Dear Mr. Gianni:
We have reviewed the system of quality control for the audit function of the Federal Deposit Insurance Corporation (FDIC) Office of Inspector General (OIG) in effect for the year ended March 31, 2004. We conducted our review in conformity with standards and guidelines established by the President's Council on Integrity and Efficiency (PCIE). We tested compliance with the FDIC OIG's system of quality control to the extent we considered appropriate. These tests included a review of the audits identified in the Enclosure.
In performing our review, we considered the Policy Statement on Quality Control and External Reviews, dated February 2002, issued by the PCIE. According to that Statement, an OIG's quality control policies and procedures should be appropriately comprehensive and suitably designed to provide reasonable assurance that the objectives of quality control will be met. The Statement also recognizes that the nature, extent and formality of an OIG's system of quality control depends on various factors such as the size of the OIG, the location of its offices, the nature of the work, and its organizational structure.
In our opinion, the system of quality control for the audit function of the FDIC OIG in effect for the year ended March 31, 2004, has been designed in accordance with the quality standards established by the PCIE and was being complied with for the year then ended to provide the OIG with reasonable assurance of material compliance with professional auditing standards in the conduct of its audits. Therefore, we are issuing an unqualified opinion on your system of audit quality control.
We have identified, in a separate Letter of Comments dated August 31, 2004, other matters that came to our attention which do not affect our overall opinion.
Scope and Methodology
We conducted the Peer Review in accordance with the PCIE Guide for Conducting External Quality Control Reviews of the Audit Operations of Offices of Inspector General, issued during February 2002, and subsequently revised through March 2004.
We reviewed the last peer review report on the FDIC OIG audit function, issued by the U.S. Agency for International Development on January 25, 2002, and the related peer review working papers. To obtain an understanding of the audit operation and the internal quality control system, we reviewed the FDIC OIG’s audit policies and procedures. We considered controls such as those in place to ensure that only qualified staff is hired, that continuing professional education requirements are met, and that independence is maintained. To obtain an understanding of the FDIC OIG’s internal quality assurance program, we reviewed related policies and procedures, interviewed responsible staff, and reviewed internal quality assurance reports.

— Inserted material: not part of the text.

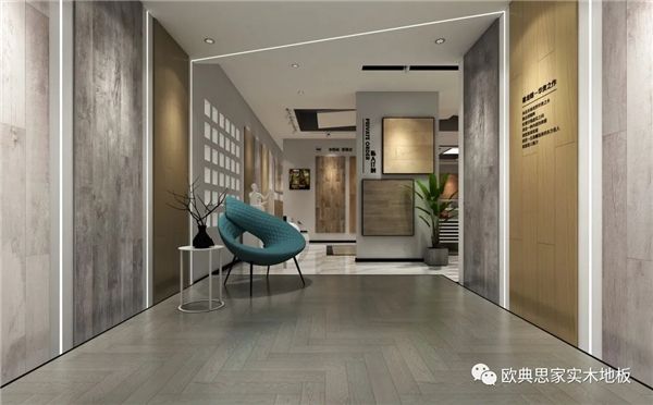 新展厅突破传统欧典思家地板产品的思维,人字拼、鱼骨拼以大尺度的空间纵深和立体感营造舒适、自由、开阔的视觉和心理体验。
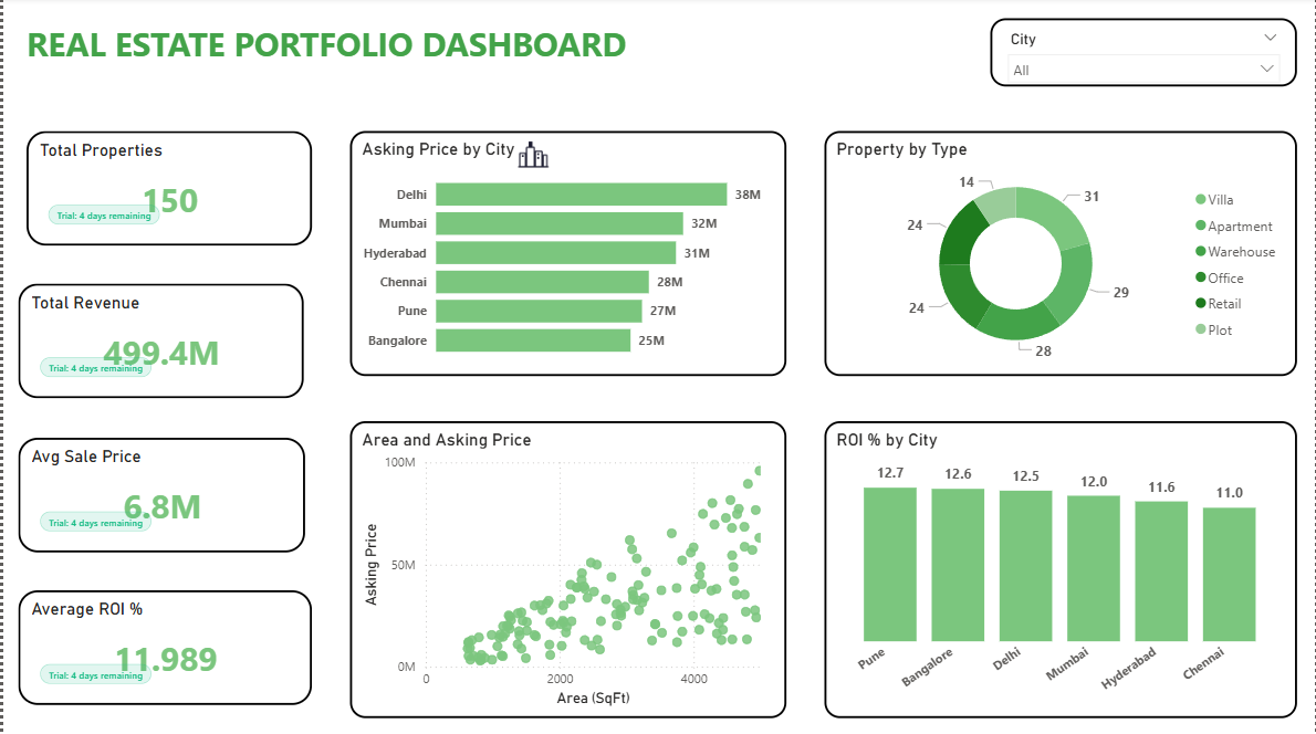 Manage your property portfolio with confidence using this comprehensive Real Estate Power BI dashboard template. Built for Real Estate Developers, Property Managers, Sales Directors and Real Estate Analysts who need clear visibility into listings, sales performance, agent metrics and market trends. This free Power BI real estate dashboard template covers property portfolio management, sales funnel, agent performance and price analysis — all in one PBIX file with 150 sample property listings across major Indian cities. Key metrics covered: - Total listings by type (Apartment, Villa, Office, Retail, Plot) - Available vs sold vs rented property breakdown - Average days on market by property type and city - Listing price vs market value vs asking price analysis - Revenue by location, property type and agent - Agent performance: listings, conversion rate, days on market - Commission earned and revenue per agent - Customer enquiry to booking conversion funnel - Price per square foot trends by city and zone - ROI analysis by property type and location Who uses this dashboard: Real Estate Developers tracking project sales velocity. Property Management Companies monitoring portfolio health. Sales Directors managing agent team performance. Real Estate Investors analysing portfolio ROI. Industries: Residential Real Estate, Commercial Real Estate, Property Management, Real Estate Consulting, REITs. How to use this Real Estate Power BI dashboard: 1. Download the PBIX file from Briqlab 2. Open in Power BI Desktop 3. Connect to your property data (Excel CRM export, MagicBricks data, NoBroker export) 4. Map property ID, type, location, price and status fields 5. Publish to Power BI Service for sales team visibility

We tested compliance with the FDIC OIG’s system of quality control to the extent that we considered appropriate. These tests included a review of 6 of 36 audit reports issued between April 1, 2003, and March 31, 2004. We did not review the financial statement audit and monitoring activities covering the FY 2003 financial statements for the FDIC OIG since that audit is performed by the U.S. General Accounting Office.

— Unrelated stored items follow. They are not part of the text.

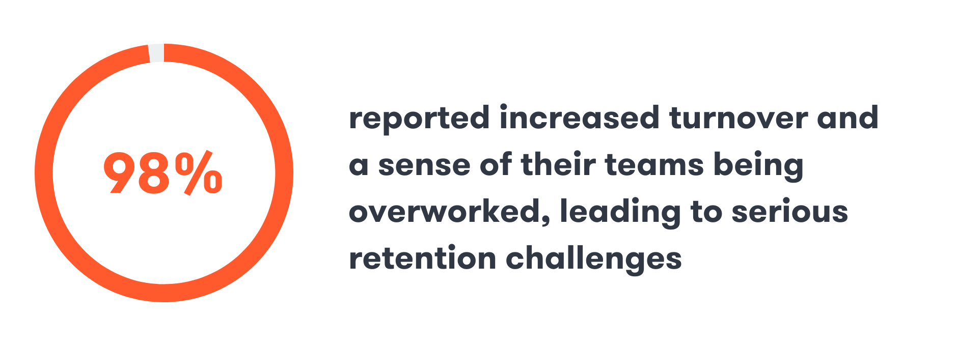 In-house legal teams are increasingly grappling with heightened workloads, limited resources, and a significant rise in employee burnout. Nearly 98% of GCs surveyed report increased turnover and a sense of their teams being overworked, leading to serious retention challenges.
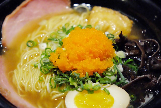 除了基本的黑木耳、糖心蛋、叉燒肉和蔥花之外,中間還有一大陀的蝦卵,看起來色澤真是鮮艷又逼人…
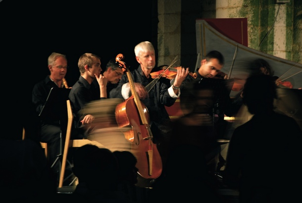 Mais votre serviteur fidèle, critique impavide, ne s’est pas laissé gagner par tant de jeunesse éclatante, et a fait son travail avec le plus grand professionnalisme. Ce qui ne l’a pas empêché d’être conquis immédiatement, séduit, happé par cette magnifique production, heureusement portée par la belle acoustique de l’église, production qui aurait bien plus de raison de figurer sur les plus grandes scènes musicales parisiennes que bien des spectacles qui parfois ne lassent pas de nous désoler. A commencer par la mise en scène pourtant simple d’Henry Dupont, emplie de costumes éclatants et beaux (retenons surtout celui de Phoebus, que n’aurait pas refusé Louis XIV dans Le Ballet de la Nuit), inspiré du théâtre baroque. Pas de remplissage inutile, pas de faibles chorégraphies pour meubler les ballets, mais un profond respect de la musique et du texte, et une prise en compte de l’espace qui était à disposition, se permettant des entrées et sorties par l’allée centrale — y plaçant même deux sopranos et une basse pour le chœur final, dont toute l’église s’est trouvée submergée avec grâce. Et surtout, l’on sent un véritable enthousiasme chez les chanteurs à se plier avec espièglerie et délice à cette mise en scène. Mais bien sûr, que serait une mise en scène d’opéra réussie, si l’orchestre n’y mettait pas du sien ? Encore une fois, le plaisir de jouer est évident, palpable, non seulement agréable, mais presque noble. Sous la baguette subtile et enlevée de Michel Laplénie, les notes volent, fusent avec légèreté et délicatesse — que dire de l’air du Sommeil à l’acte deux (le fameux ‘Hush, no more…’, repris ensuite par le chœur), d’une mesure parfaite, dont les silences qui le ponctuent, au lieu de le rendre pesant comme c’est parfois le cas, au contraire, l’emplissaient d’une belle tension, qui nous tenaient en haleine, attendant pantois la suite? —, les académiciens (qu’il nous semblait nécessaire de tous nommer plus haut, au même titre que les solistes chanteurs) nous régalent d'une énergie bouillonnante, faisant montre d’une cohésion profonde. Des violons très doux, suaves (notamment dans la danse des fées acte II), parfois pleins d’allant et piquants (marche en ouverture de l’acte quatre, alors portés aussi par les trompettes et la timbale entraînante d’Aurore Bassez), tenus sur une ligne, sont soutenus par un magnifique continuo, dominé par les cordes — les clavecins étant d’une discrète présence. Si l’on se surprendra à déplorer le peu de théorbes, instrument représenté par le solitaire Fabien Brandel, qui prend toute sa place dans l’air de la Plainte dans l'Acte V, soutenant avec grâce un tendre et émouvant solo de viole de gambe (Ondine Lacorne-Hebrard dans la représentation du huit août, Justin Glaie dans celle du lendemain), l’ensemble du continuo a une belle ampleur, tout en étant chargé de la même délicatesse que le reste de l’orchestre, qu’il sait parfois entraîner avec force quand il le faut. Le basson d’Isaure Lavergne ponctue subtilement avec rondeur les hautbois dans le Hornpipe concluant le troisième acte, tandis que Nicolas Verhoeven, aux soli continuistes du violoncelle, amène une agréable énergie. Mais, surtout et par dessus toutes leurs qualités individuelles, les continuistes ont une parfaite écoute des chanteurs, qu’ils soutiennent avec générosité.

The report numbers and titles of the selected audits are listed in the table below.
Dear Mr. Gianni:
We have reviewed the system of quality control for the audit function of Federal Deposit Insurance Corporation Office of Inspector General (FDIC OIG) in effect for the year ended March 31, 2004, and have issued our report thereon dated August 31, 2004, in which we rendered an unqualified opinion on the FDIC OIG system of quality control for its audit function. This letter should be read in conjunction with that report.
Our review was for the purpose of reporting whether the OIG’s internal quality control system was designed in accordance with the quality standards established by the President’s Council on Integrity and Efficiency (PCIE) and was being complied with that system for the year reviewed to provide reasonable assurance of material compliance with professional auditing standards in the conduct of its audits. We conducted our review in conformity with standards and guidelines established by the PCIE. Our review would not necessarily disclose all weaknesses in the system or all instances of noncompliance with it because our review was based on selective tests.

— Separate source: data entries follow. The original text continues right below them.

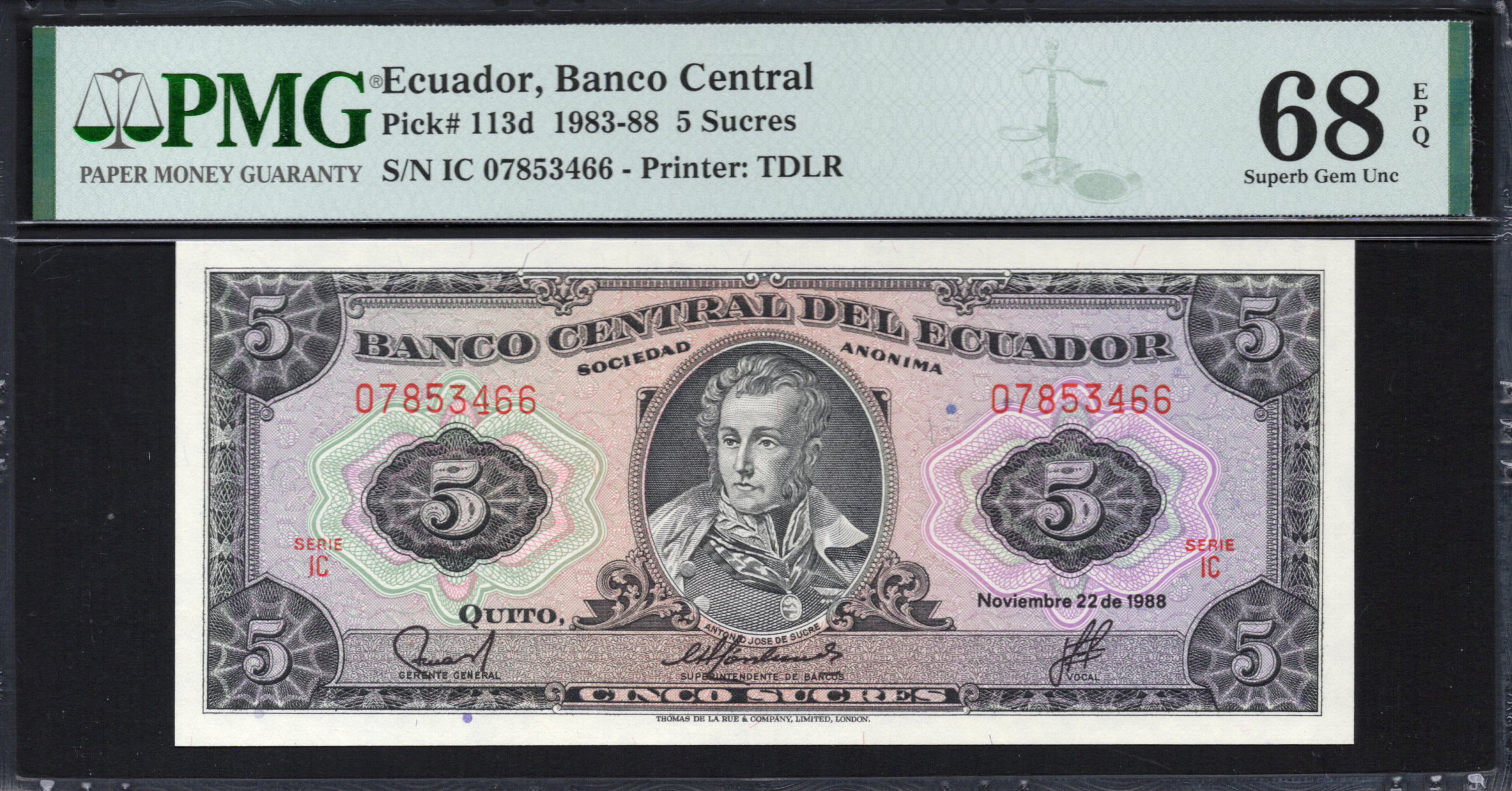 Ecuador - 5 Sucres 1983 - Pick # 113d - PMG 68 EPQ
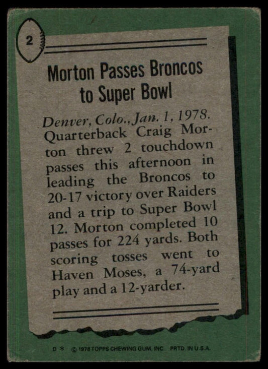 1978 Topps Craig Morton #2 Denver Broncos Football Card NFL Sports
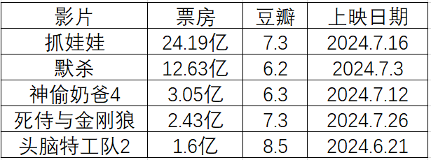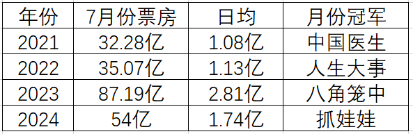7月份正式落幕,意味着2024年暑期档正式进行了一半,理论上其实过了一大半。
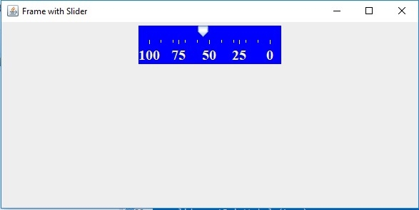 JSlider slider = new JSlider(JSlider.HORIZONTAL, 0, 100, 55); slider.setInverted(true); slider.setMinorTickSpacing(10); slider.setMajorTickSpacing(25); slider.setPaintTicks(true); slider.setPaintLabels(true); slider.setPaintTrack(false);
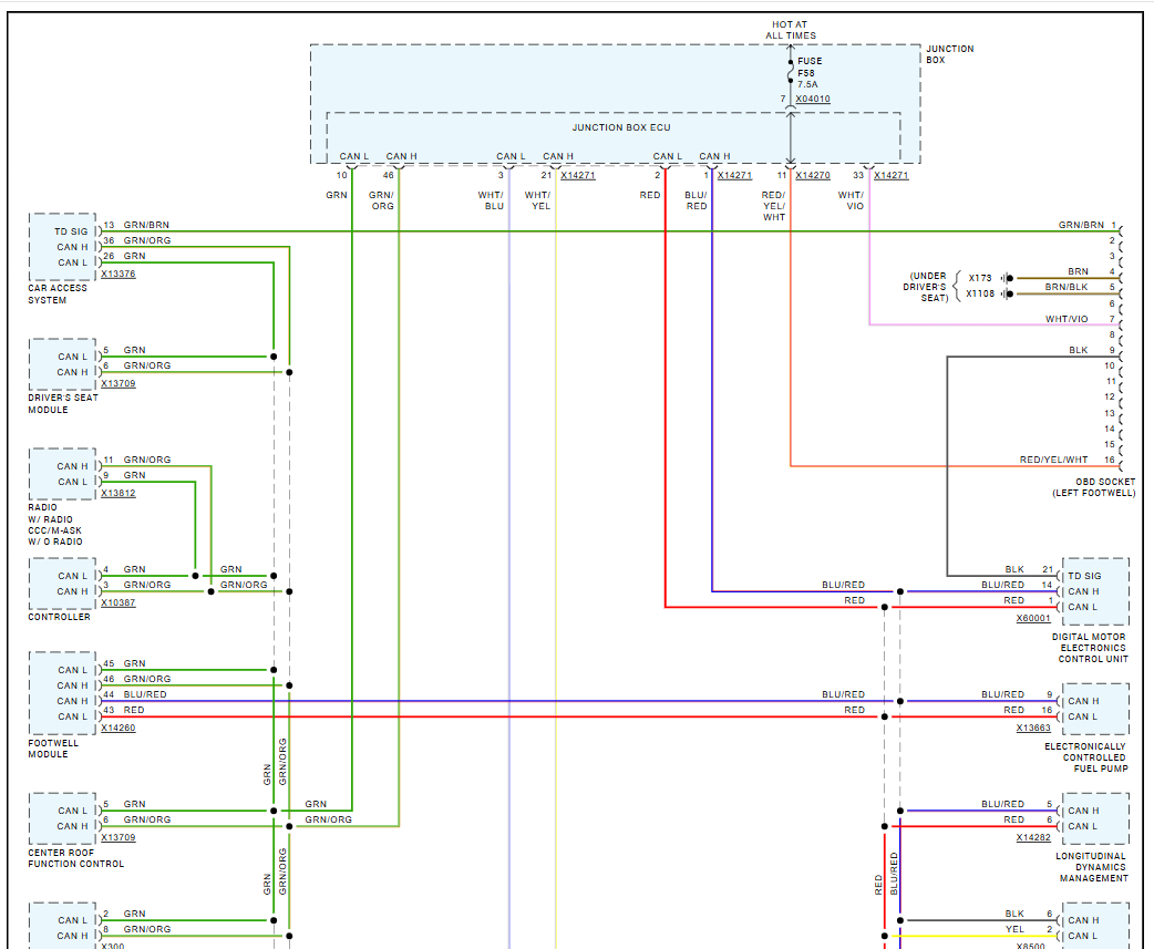 Is this a euro car? The VIN didn't work but here are the CAN bus wiring diagrams with the data connector so you can see how the system works. Check out the images (below). Let us know if you need anything else.

There are inherent limitations that should be recognized in considering the potential effectiveness of any system of quality control. In the performance of most control procedures, departures can result from misunderstanding of instructions, mistakes of judgment, carelessness, or other personal factors. Projection of any evaluation of a system of quality control to future periods is subject to the risk that one or more procedures may become inadequate because of changes in conditions or that the degree of compliance with procedures may deteriorate.
As a result of our review, we identified reportable conditions, which we considered in determining our opinion set forth in our report dated August 31, 2004. A reportable condition for peer review purposes represents a significant deficiency in the design or operation of the reviewed organization’s internal control that could adversely affect the organization’s ability to comply with applicable auditing standards and established auditing policies and procedures.
The two reportable conditions that we identified are discussed in the following paragraphs. During our review, we provided additional information about these conditions, including a listing of the applicable audits, to your office.
We believe that the conditions addressed in this section represent opportunities for improvement of the FDIC OIG’s system of quality control. While we did not identify a material effect to the reported audit findings and conclusions resulting from the conditions discussed below, we believe that the potential exists for these conditions to adversely affect audit operations.
It should be noted that the FDIC OIG's internal quality assurance program identified some of the same issues that we raise as a result of our peer review. We were advised that corrective actions had been taken, as detailed in the recent concurrence by the Director of Supervision and Insurance Audits to the internal quality assurance report dated April 20, 2004.
In performing our work, we considered the results of the prior peer review of the FDIC OIG, for which the U.S. Agency for International Development issued a report dated January 25, 2002. We found that the nine open recommendations contained in the Letter of Comments from that peer review have been addressed.
Finding 1. Quality Control – Review and Resolution of Referencing Points
The FDIC OIG considers referencing to be one of the key aspects of its internal control system, and an essential step in ensuring overall audit report quality. Policies and procedures have been established for indexing reports to supporting assignment documentation and the subsequent verification of the supporting evidence by an independent referencer as a control to assure compliance with the Government Auditing Standards requirement for reporting accuracy.
The FDIC OIG Audit Manual 330.2 – Indexing and Referencing of Reports requires the Auditor-in-Charge to respond to points raised by the independent referencer on the Referencing Point Sheet with comments as to the action taken to indicate whether changes were made in response to issues/questions identified. Any remaining open points should be submitted to the Director for review and possible resolution. After all the points have been resolved, the Auditor-in-Charge, independent referencer, and Director are required to sign the Referencing Point Sheet. If the comments cannot be resolved between the referencer, Auditor-in-Charge, and Director, the comments should be elevated to the Deputy Assistant Inspector General for Audits (DAIGA) for resolution. Only the DAIGA can pass on points identified by the referencer. In addition to the Referencing Point Sheet, the Audit Manual also requires completion of the Referencing Checklist to ensure that referencing requirements have been performed. This checklist has separate sections for the Director, Auditor-in-Charge, and referencer to complete and sign certifying that all referencer’s comments have been adequately resolved. The Director has overall responsibility for ensuring that reports are fully indexed to supporting documentation and independently referenced.
We noted that four of the six audits reviewed did not have the Auditor-in-Charge’s response or actions taken to resolve all of the points raised by the referencer. In addition, one audit had no signature on the Referencing Checklist to indicate final approval by the Director. FDIC OIG management explained that there were other certification forms signed by the Director, Auditor-in-Charge and referencer that are designed to provide assurance on the quality of the report. These certification forms are meant as an additional compensating control. However, we feel if the required detailed documentation of the process they are intended to certify is incomplete, the additional assurance that outstanding referencer points are addressed is lacking.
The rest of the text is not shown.